The student council has decided to sell t-shirts for a fundraiser. The printing company charges a $75 set-up fee plus $3 per shirt. The student council plans to sell their t-shirts for $12 per shirt. Write a function p(t) to represent the student council's profits.
P(t)= 9t – 75
Sure, I can help you with that! Here's the function p(t) to represent the student council's profits:
p(t) = (12 - 3) * t - 75
In this function, t represents the number of t-shirts sold. The expression (12 - 3) represents the profit per shirt, and multiplying it by t gives the total profit from selling t-shirts. Subtracting the set-up fee of $75 gives the final profit.
To write the function p(t) to represent the student council's profits, we need to determine the total revenue and the total cost.
Total revenue (R) is given by the selling price per shirt (12 dollars) multiplied by the number of shirts sold (t):
R = 12t
Total cost (C) comprises the set-up fee (75 dollars) plus the cost per shirt (3 dollars) multiplied by the number of shirts sold (t):
C = 75 + 3t
The profit (P) is obtained by subtracting the total cost from the total revenue:
P = R - C
= 12t - (75 + 3t)
= 12t - 75 - 3t
= 9t - 75
Therefore, the function representing the student council's profits can be written as:
p(t) = 9t - 75
To write the function p(t) to represent the student council's profits, we need to consider the costs and revenue involved in selling the t-shirts.
The costs include the set-up fee charged by the printing company and the cost per shirt.

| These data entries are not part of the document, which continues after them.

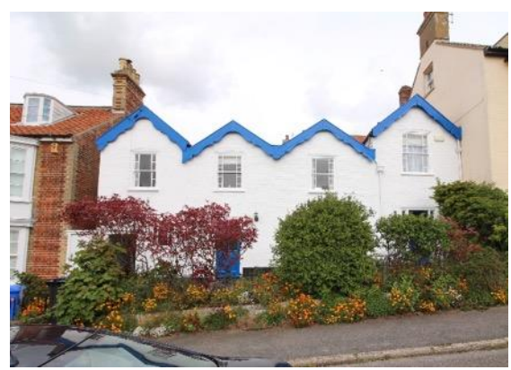
Iona Cottage No.11 and Iona Flat, No.11A Constitution Hill

Holly Lodge, No.9 Constitution Hill (Positive Unlisted Building). Late nineteenth century house. Painted brick with two storey canted bay. Entrance under a three-centered arch. Black glazed pan tile roof, with gable end stacks constructed from gault brick. The house retains its original un-horned plate glass sash windows. The attic dormer is a later addition.
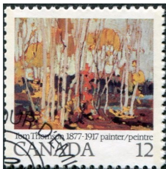
Tom Thompson's "Autumn Birches" (Scott 734)

Even though we did not have a great summer, we are certainly enjoying some great weather now. And soon the fall colours will be in their glory. (Yes, I know they are not quite the same in black and white, but here is a good excuse to visit our website and see these in colour).
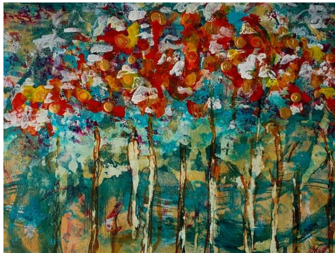
"Golden Apple Orchard" by Sheryl Hutchings

Congratulations to all of those selected for the show!
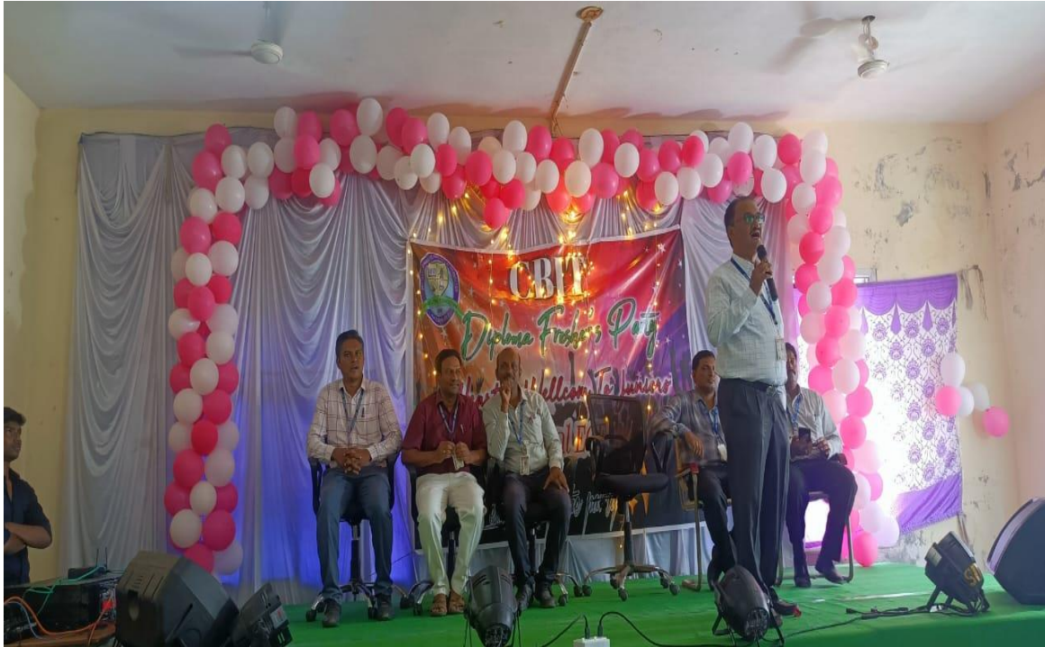
VALUABLE INFORMATION GIVEN BY THE PRINCIPAL SIR TO THE STUDENTS WHO ATTENDED THE EVENT (DECE)

(Approved by AICTE New Delhi, Permanently Affiliated to JNTUA, Anantapuram) Accredited by NAAC & Recognized by UGC under the section 2(f) and 12 (b) of UGC Act, 1956 VIDYA NAGAR, PALLAVOLU (V), PRODDATUR-516360, Y.S.R (Dt), A.P
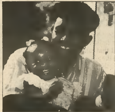
Roanoke Island Historical Association ▶

"Capital Consortium has provided the experienced direction and objective guidance needed to assist The Lost Colony in reaching its long-term endowment goal."
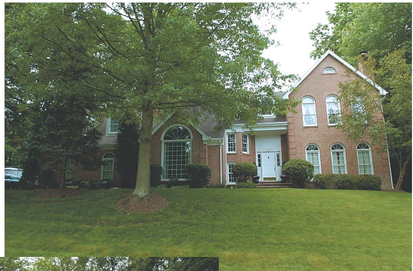
5 10645 Canterbury Road, Fairfax Station — $850,000
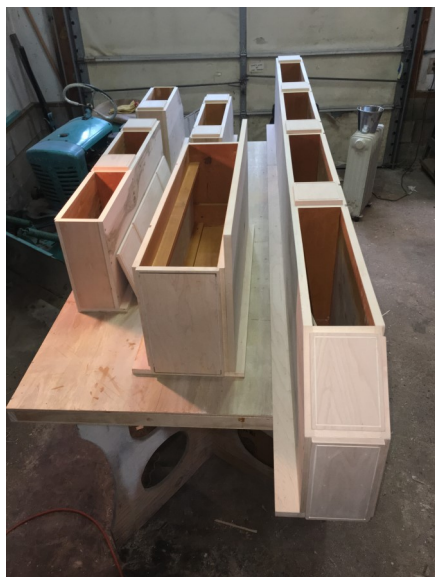
Photos from the cabinet-maker's workshop.
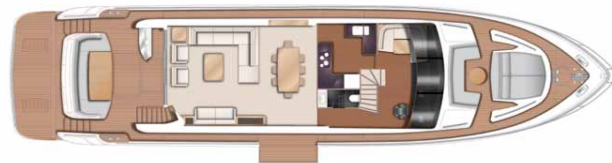
MAIN DECK WITH OPTIONAL BALCONY
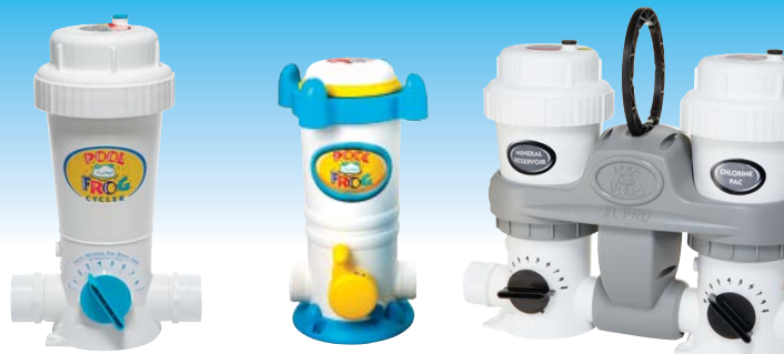
In Ground Mineral System
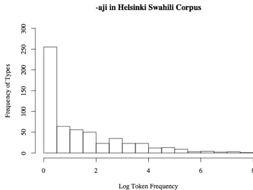
Figure 1: Histogram depicting the log of the Token Frequency along the x-axis, and the Frequency of Types occurring per log token frequency on the y-axis. This means that the bar furthest left depicts a group in which there are 250 tokens with a log frequency of zero (i.e. a frequency of 1, given that \text{Log}(1)=0 ).

Collapsing across the classes, we can assess productivity from the perspective of Token versus Type frequencies by identifying the average number of occurrences for each type. According to Bybee, a productive morpheme would have many tokens that occur only a few times, as opposed to a few forms that occur many times. Figure 1 represents the token frequency for each Type as a histogram.
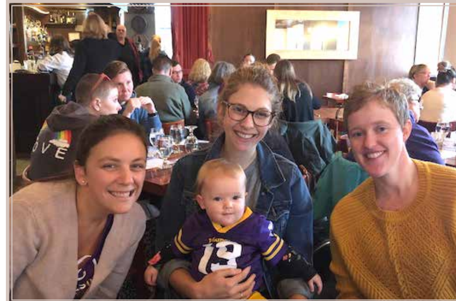
Brunch with friends
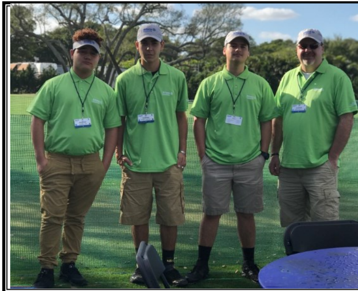
Oleta West- Dade Chapter Of DeMolay
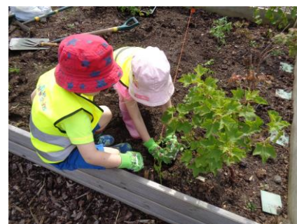
The children helping to maintain the plot at the allotment.
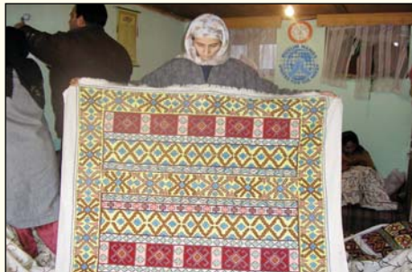
Handicraft Centres help support over 100 widows

The set-up fee is a one-time cost, while the cloth cost per shirt is dependent on the number of shirts sold.
The revenue is the amount earned from selling the shirts. The revenue per shirt is the selling price.

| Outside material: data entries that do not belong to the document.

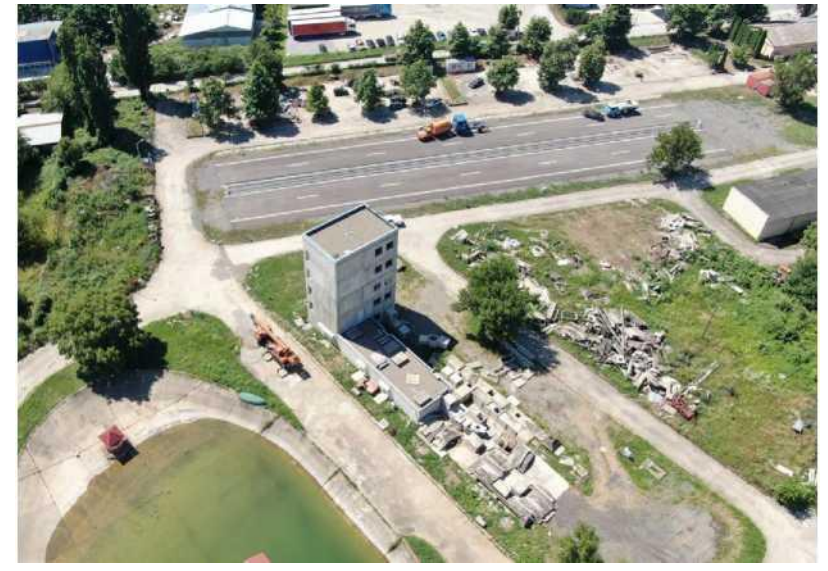
The Montana training centre
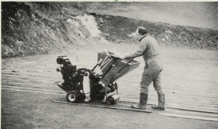
Single Blade Sand Injector operating on a Golf Green

Scientific analysis of your soil enables us to:—
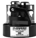
MD Single Head P/N 169110 (1 Pack) Replaces P/N EV927401 Designed for use with MD-CN & MD-CE filter cartridges.
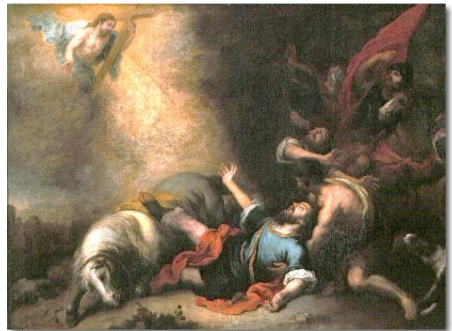
Conversion of St. Paul, Bartolome Esteban Murillo, 1675-1682.
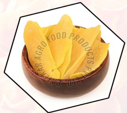
Dehydrated Alphonso Mango Slice

Let's break down the components of the function:
1. The set-up fee is fixed at $75, which is the constant cost regardless of how many shirts are sold.
2. The cost per shirt is $3, and it increases linearly with the number of shirts sold. Hence, the cost due to shirts sold can be represented as $3 multiplied by the number of shirts, which is t.
3. The revenue per shirt is $12, which is the selling price of each shirt.
Now, let's put it together to form the function p(t):
p(t) = (revenue) - (costs)
The revenue can be calculated by multiplying the number of shirts sold (t) with the selling price per shirt ($12):
revenue = $12 * t
The costs consist of the set-up fee ($75) and the cost per shirt ($3 * t):
costs = $75 + ($3 * t)
Substituting the values of revenue and costs into the function, we get:
p(t) = revenue - costs
p(t) = ($12 * t) - ($75 + ($3 * t))
p(t) = $12t - $75 - $3t
p(t) = 9t - 75
Therefore, the function p(t) representing the student council's profits from selling t-shirts is p(t) = 9t - 75.